7 days meal plan diet low carb for weight loss
Mind & Health
Written by Mind & Health

The mention Low Carb may not be foreign to you because you have probably already seen on some consumer products. By Low Carb, understand poor in carbohydrate, and therefore in carbohydrates.

The low carb diet is based on a diet very low in sugar: fast sugars, slow sugars (carbohydrates) and refined. Several famous diets, especially French, share these great principles, which are more successful than other slimming methods. Principle, authorized foods, efficiency, advice … here’s what you need to know about the low carb method.

History and principle of “Low Carb”

The “Low Carb” does not date from today … From the 1800s until the 70s, it was acquired that to lose weight and fight against a sedentary lifestyle, it was necessary to eat less carbohydrates: less sugar, bread, potatoes, pasta …

In the 70s, on the contrary spread the idea that we should eat less fat. From there were born all the low calorie and low fat diets, at the same time as the obsession of the thinness and the increase of the obesity …

In parallel with this movement, the Atkins diet was developed in 1972 in the United States: it is the first low carb diet, one of the most famous and most followed today. Low Carb is an abbreviation for Low Carbohydrates, which means low in carbohydrates (sugars).

The other known low-carbohydrate diets are the French Fricker and LeDietmed diets (which take up Fricker’s outline and are ranked 1st diet in the United States), as well as the older, but originally designed, ketogenic diet at the famous Mayo Clinic to cure children with epilepsy.

The main principle of the low carb diet is to activate lipolysis: that is to say, to draw on the reserves of stored fats in the body – in particular by the consumption of sugars. To overcome the absence of sugars and provide energy, these reserve fats are destocked and then converted into “ketone bodies” or ketones.

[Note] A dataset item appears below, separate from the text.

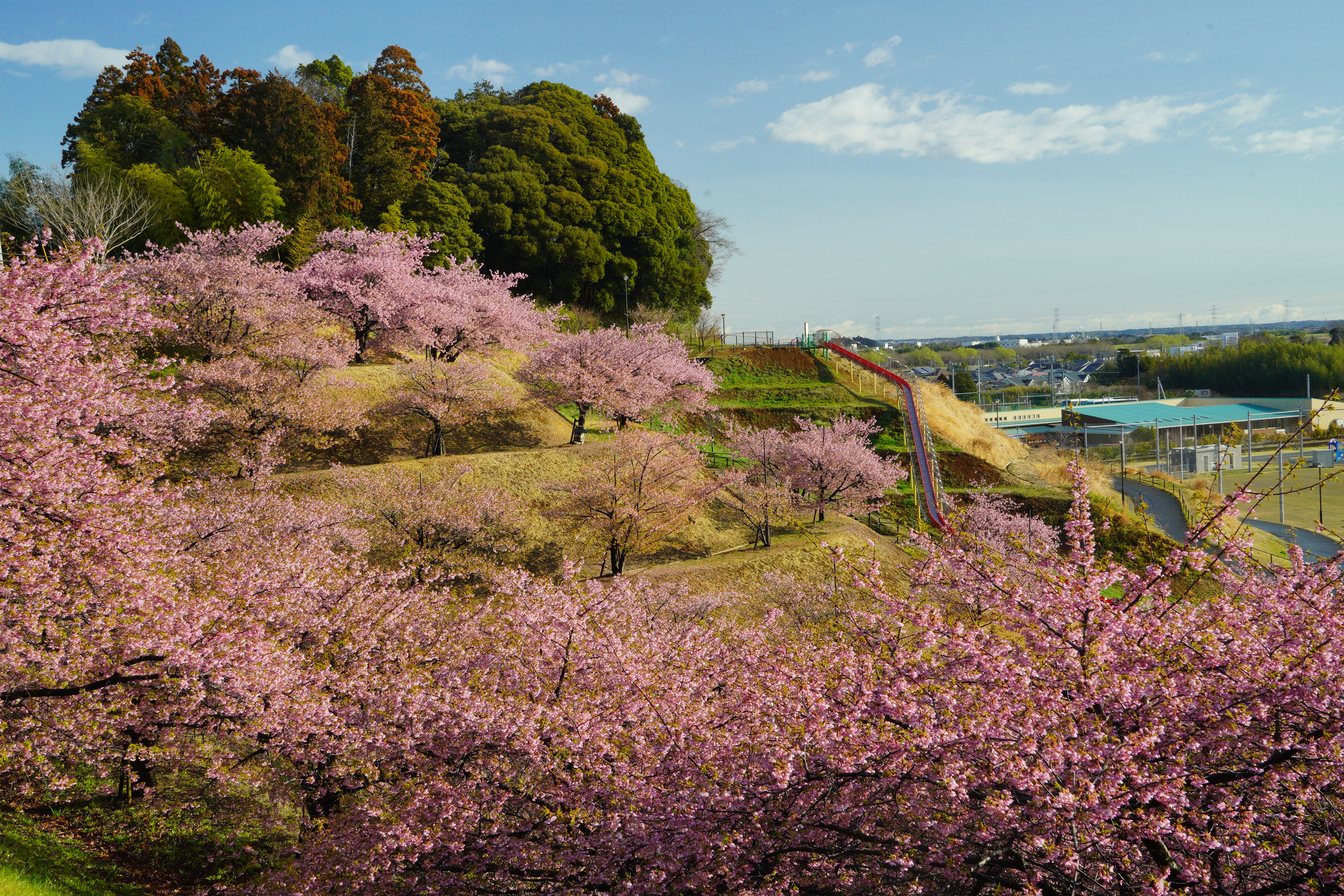 毎年2~3月頃に河津桜が開花します。段々に河津桜の木が植えてあり、満開時には斜面いっぱいを桜の花が覆い、とても見ごたえのある景色が広がります。小林牧場のソメイヨシノよりも半月から1ヶ月ほど早く開花が始まります。
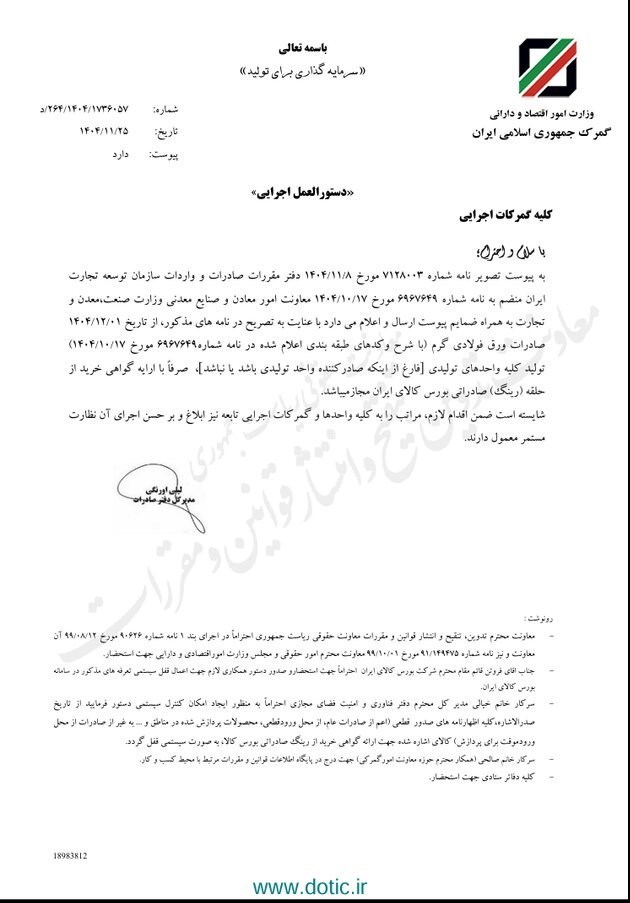 عصر معدن- گمرک جمهوی اسلامی ایران با صدور ابلاغیهای جزئیات جدید صادرات ورق فولادی گرم را منتشر کرد.;

Low carb, low carbohydrate diets (Atkins, ketogenic) have been the subject of many studies. These regimes were promoted as early as 1869, with the publication of William Banting’s “Letter on Corpulence.” In 1972, while swearing only on fat reduction, they were reinstated by Dr. Robert Atkins in his book (Dr. Atkins’ Diet Revolution). The Atkins diet has been updated recently to reflect nutritional recommendations.

The Mayo Clinic in Arizona has reviewed studies of these low carb diets to find out if they are safe and effective for weight loss, and cardiovascular and metabolic health. They published the results of their study in the Journal of the American Osteopathic Association.

Most studies are conducted on people with health problems, including overweight / obesity, type II diabetes and metabolic syndrome.

The main results measured are usually weight loss, a decrease in cholesterol and the level of sugar in the blood.

In addition, the facts are supported by the following works:

  • Volek, Jeff; Phinney, Stephen. “The Art and Science of Living Low Carbohydrate”
  • Barnaby, Karen. “The Low-Carb Gourmet”

The low carb diet for weight loss in practice

Low carb diet how many carbs a day?

In general, a low-carb diet is 20 to 60 grams of carbohydrate a day.

On the menu, the foods allowed are those with low glycemic index: so few fruits and not all vegetables, with a large part made of proteins and fats – preferably unsaturated in the most recent food programs.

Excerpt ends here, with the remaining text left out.